The data book follows the WHO STEPS standard layout with tables organised
by survey step:

- **Step 1: Behavioural** -- Tobacco (smoking status, smokeless, quit
  attempts, second-hand exposure), Alcohol (drinking patterns, heavy
  episodic), Diet (fruit/vegetable, salt), Physical Activity (total
  minutes, domain breakdown, insufficient PA)
- **Step 1.5: Health History** -- BP/glucose/cholesterol screening and
  diagnosis cascades, CVD history, lifestyle advice
- **Step 2: Physical Measurements** -- Mean BP, raised BP, treatment
  cascade, BMI classifications, waist/hip measurements
- **Step 3: Biochemical** -- Fasting glucose (impaired + raised),
  treatment cascade, total cholesterol, HDL, triglycerides
- **Combined Risk Factors** -- summary of 0, 1--2, and 3--5 concurrent
  risk factors

Every table uses the 3-panel format:

```
Age Group | Men          | Women        | Both Sexes
18-24     | 4.3% (2-6.5)| 0% (0-0)     | 1.8% (0.8-2.8)
25-34     | ...          | ...          | ...
...
18-69     | ...          | ...          | ...
```

### Additional downloads

- **Download tables & plots** -- a ZIP file containing all pre-computed
  RDS files (indicators, tables, plots) for further analysis in R


## Tips and troubleshooting

### The app shows an error on upload

If you see `dim<-.haven_labelled() not supported`, this was a known issue
with SPSS files that has been fixed.  Make sure you are running the latest
version of the package (`devtools::load_all(".")` or reinstall from
GitHub).

### Charts don't display or show "figure margins too large"

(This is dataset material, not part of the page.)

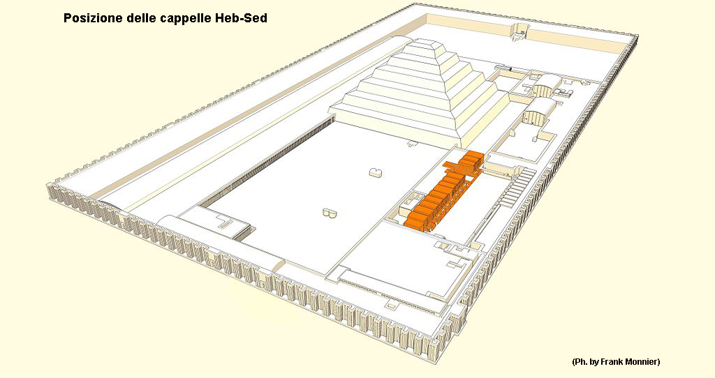 Sul lato occidentale del cortile si trovavano tredici cappelle di due diversi tipi. Un tipo detto “sekh netjer” (sala del dio) con facciata e astragali laterali, il secondo tipo detto “per uer” (grande casa) che rappresentava il santuario dell’Alto Egitto anch’esso anticamente costruito in legno e stuoie.

This happens when the RStudio Viewer pane is too narrow.  Open the app
in a full browser window instead: after `run_app()`, click "Open in
Browser" in the Viewer toolbar.

### Physical Activity shows "not available"

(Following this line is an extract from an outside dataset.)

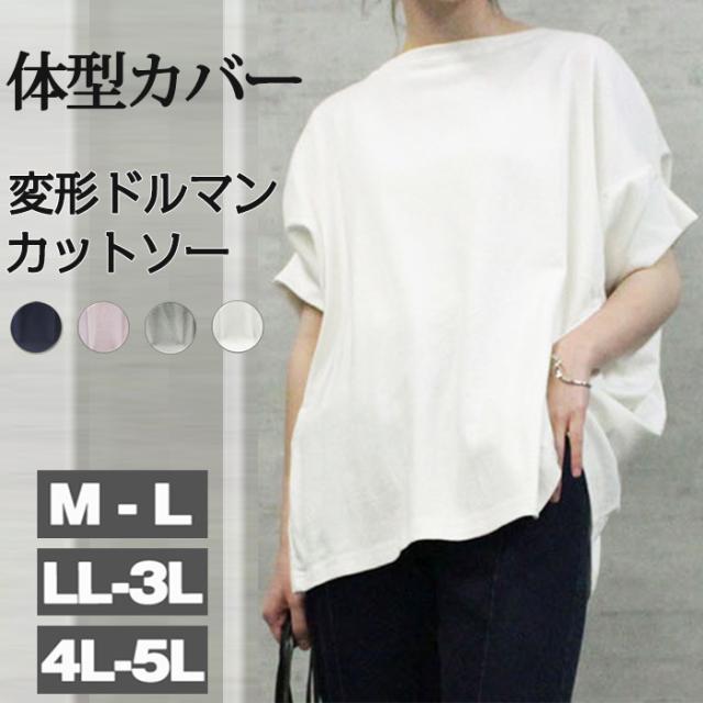 メール便送料無料 個性派シルエット 変形ドルマンカットソー ボートネック コットン 綿 トップス 半袖 4カラー M〜5L 0164

The Summary Report derives the insufficient PA indicator from
MET-minutes/week.  If your dataset has raw GPAQ items (P1--P16) but no
pre-computed `met_total`, the package now computes MET-minutes/week
automatically using WHO MET multipliers (8 for vigorous, 4 for
moderate/transport activities).  Ensure your GPAQ columns are correctly
mapped in Tab 1.

### Some tables are empty in the Data Book

Tables are only produced when the required variables are present in the
data.  For example, CVD risk tables require both clinical measurements
and a risk scoring algorithm.  Missing tables show "No data available
for this section."

### Can I customise the report templates?

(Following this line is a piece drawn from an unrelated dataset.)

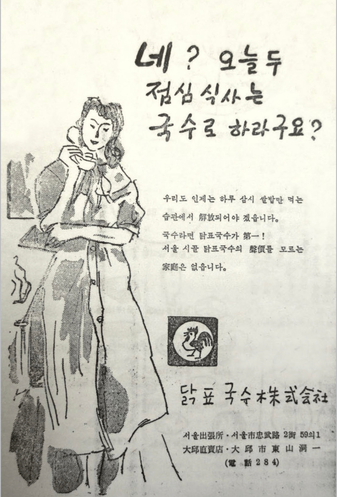 벼의 품종 개량으로 쌀 생산량이 확대되고, 라면과 식빵과 같은 분식이 식생활의 주류를 차지하게 되자 1980년대부터 정부 주도의 혼분식 장려 운동 역시 사라지게 되었는데, 이즈음 사랑방칼국수 식당 또한 메뉴를 개편하게 되니 하얀 쌀밥과 먹을 수 있는 <백숙백반>이다. 50여 년을 훌쩍 넘었다고는 하지만 허름한 외관의 식당 하나가 정부 정책의 시대적 변화와 동네의 역사를 모두 품고 있다니 놀라운 일이다.
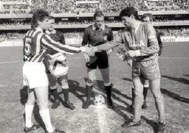 NEG-04-03-1990 VERONA-CAMPIONATO DI CALCIO SERIE A VERONA-UDINESE 2-0 NELLA FOTO L'ARBITRO CARLO LONGHI TRA I DUE CAPITANI DINO GALPAROLI E LUCIANO FAVERO AG ALDO LIVERANI SAS

Yes.  The R Markdown templates are located in `inst/rmd/` within the
package source:

- `country_report.Rmd` -- Summary Report
- `data_book.Rmd` -- Detailed Data Book
- `fact_sheet.Rmd` -- Fact Sheet

Copy the template you want to modify, edit it, and pass the path via the
config object.


## Comparison: Shiny app vs R scripting

| Feature | Shiny App | R Scripts |
|---------|-----------|-----------|
| Audience | Non-coders, quick analysis | R users, reproducible workflows |
| Column mapping | Interactive dropdowns | `detect_steps_columns()` + manual overrides |
| Customisation | Limited to built-in options | Full control over every step |
| Batch processing | One dataset at a time | Loop over multiple datasets |
| Reproducibility | Manual (same clicks each time) | Full script = full reproducibility |
| Output | Word reports via browser | Word, HTML, PDF, or custom formats |

For routine country-level STEPS analysis, the Shiny app is the fastest
path.  For multi-country comparisons, methodological research, or custom
indicators, use the R API documented in `vignette("stepssurvey-guide")`.